When are two biholomorphisms from a domain to open unit disc equal?

Question

Apparently is is true that if $\Omega$ is a domain in $\mathbb{C}$ and $f,g: \Omega \to \mathbb{D}$ are biholomorphic maps which satisfy: there exists $q \in \Omega$ such that $f(q) = g(q)$ and $f'(q), g'(q) > 0$, then $f=g$ everywhere on $\Omega$! It seems magical (like many things in complex analysis) but how can I see that it's true? I suspect that it has something to do with conformal mappings/associated theory, but perhaps not.

Answer 1

This is just a souped-up version of the Schwarz lemma. First, we reduce to the case $\Omega=\mathbb{D}$ and $q=0$. Let $h:\mathbb{D}\to\mathbb{D}$ be a biholomorphism such that $h(f(q))=0$, and consider $F=h\circ g\circ f^{-1}\circ h^{-1}$. This is a biholomorphism $\mathbb{D}\to\mathbb{D}$, and $F(0)=0$. Moreover, $F'(0)>0$ by the chain rule, since the derivatives of $h$ and $h^{-1}$ will cancel out and the derivatives of $g$ and $f^{-1}$ will both be positive.
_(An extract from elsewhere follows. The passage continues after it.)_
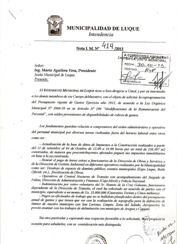 MUNICIPALIDAD DE LUQUE GASTARA 665 MILLONES MAS ESTE AÑO EN SALARIOS

Now by the Schwarz lemma, $|F(z)|\leq|z|$ for all $z$, with $F(z)=az$ for some constant $a$ if equality ever holds for $z\neq 0$. But the Schwarz lemma also applies to $F^{-1}$, giving $|F^{-1}(w)|\leq |w|$ for all $w$. Letting $w=F(z)$, we get $|z|\leq|F(z)|$, so actually $|z|=|F(z)|$ for all $z$. Thus $F(z)=az$ for some constant $a$. Since $F'(0)>0$, we can only have $a=1$.

Thus $F$ is the identity map. Hence $g\circ f^{-1}=h^{-1}\circ F\circ h$ is also the identity map, and $f=g$.